Wasmiddel reclame-uitingen zijn notoir schreeuwerige campagnes, de vraag is waarom we een hele tijd hebben moeten kijken naar “wast nog witter” reclames die nauwelijks voor elkaar onderdeden in tenenkrommende over the top claims. De campagnes hebben waarschijnlijk een positief effect gehad op de branding van de merken, waarvan de namen inmiddels in ieders geheugen gegrift staan, maar erg onderscheidend waren de meeste niet. Of u nu OMO, Ariel of Dash gebruikt: maakt het eigenlijk wel uit? De merken zijn bekend, maar heel veel mensen lijken niet echt meer een voorkeur voor de een of de ander te hebben. Elk merk wast ‘significant witter’ dan de voorgaande versie en dan weten we dus helemaal niets over hoeveel witter dat nu precies is.

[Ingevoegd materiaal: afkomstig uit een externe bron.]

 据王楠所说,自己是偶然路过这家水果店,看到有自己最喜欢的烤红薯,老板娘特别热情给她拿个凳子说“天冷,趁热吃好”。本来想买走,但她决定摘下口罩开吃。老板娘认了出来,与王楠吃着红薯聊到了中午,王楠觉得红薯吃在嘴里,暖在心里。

De claim “significant witter” is een beetje een uitgemolken term, maar we moeten wel toegeven dat ze oorspronkelijk geniaal geweest moet zijn. Zo ziet creativiteit er in de reclamebranche soms ook uit: iets kunnen roepen waarmee je niets zegt. (“Het lijkt net de politiek”, roept iemand hier in de straat.) Laat “significant witter” even op u in werken en besef dan dat u niet echt weet hoe die witheid dan gemeten wordt en hoeveel witter het nu überhaupt claimt te zijn. Het is vast na te gaan dat een nieuwe versie inderdaad significant witter wast, bij een bepaalde methode, dus de claim kan heel goed waar zijn: u schiet er alleen helemaal niets mee op.

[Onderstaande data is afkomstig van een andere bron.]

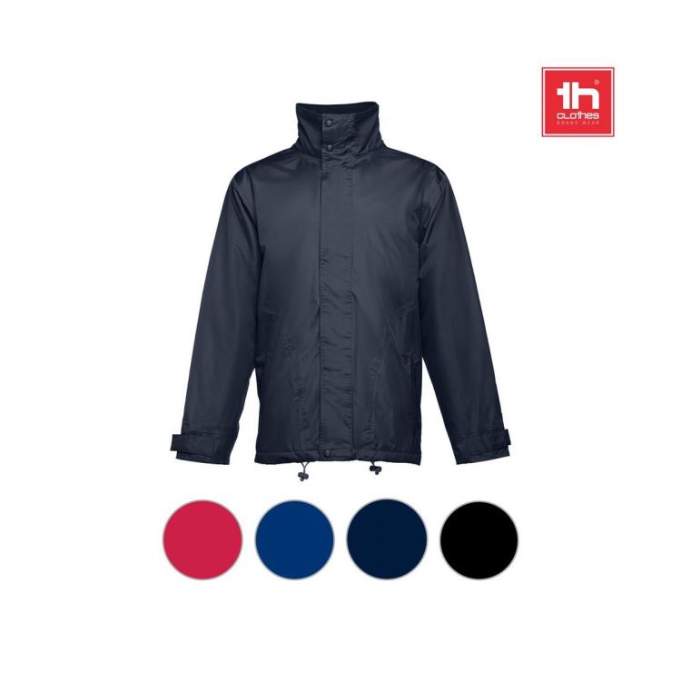 Parka aus 100% Polyester, gepolstert - Aussenseite (240g/m²) aus 100% Polyester-Pongee 240 und wasserdichter PVC-Beschichtung, Innenseite (65g/m²) aus 100% Polyester-Taft, Füllung aus 100% Polyester (80g/m²). Der Parka hat einen mit schwarz ausgekleideten Polarkragen, der mit einem Klettverschluss schliessbar ist. Die Kapuze ist faltbar und somit leicht im Kragen zu verstauen. Die Schnurbänder mit schwarzem Stopper am Kragen und an der Jackenunterseite ermöglichen eine korrekte Anpassung. Der Reissverschluss hat eine Klettverschlussabdeckung, die zusätzlich mittels Druckknöpfen geschlossen werden kann. 2 Außentaschen mit Abdeckung und 2 Innentaschen mit Klettverschluss. Mit geripptem Innenbund in 2x2, verstellbarem Ärmelbund ebenfalls mit Klettverschluss. Der Reißverschlusszugang auf der Rückseite vereinfacht die Veredelung

Het ‘significant’ van deze tijd is ‘eerlijk’ of ‘duurzaam’: als het maar ‘groen’ en ‘authentiek’ is. Allerlei goede initiatieven met betrekking tot besparing en natuurbehoud ten spijt struikel je intussen over allerlei labels die aangeven hoe “duurzaam” en “groen” een product wel niet is. Het is tenslotte best moeilijk om precies te zeggen wat ‘duurzaam’ is, dus dat maakt het een ideaal reclamewoord. Zo’n algemene term nemen was wellicht een reclametechnische meesterzet: het opent ook de deuren voor alle andere initiatieven die even groen uit de verf willen komen.

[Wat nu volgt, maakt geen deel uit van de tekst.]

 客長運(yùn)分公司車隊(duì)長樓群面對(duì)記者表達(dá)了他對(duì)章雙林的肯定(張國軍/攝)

In het verlengde daarvan ligt het het begrip ‘authenticiteit’. Producten met “tiny bubbles and imperfections, proof they were crafted by the honest, simple, hard-working indigenous peoples of … wherever”, moeten wel gemaakt zijn met hart voor natuur en omgeving. Ja, houd maar lekker een ander voor de gek lieve producenten: als je probeert te beweren dat je in massa geproduceerde ‘A-merk’ “ambachtelijk” is nemen we dat ter kennisgeving aan; geloven doen we dat natuurlijk niet. Door termen op een over the top betekenisloze manier te gebruiken of claims te doen die zo ver weg staan van ons idee van het product trekken producenten reclame-slogans zelf in het belachelijke. Kun je consumenten dan helemaal niets meer wijs maken? Jazeker wel: moet je eens kijken hoeveel mensen voor de illusie van exclusiviteit vallen en “limited editions” van alledaagse producten aanschaffen.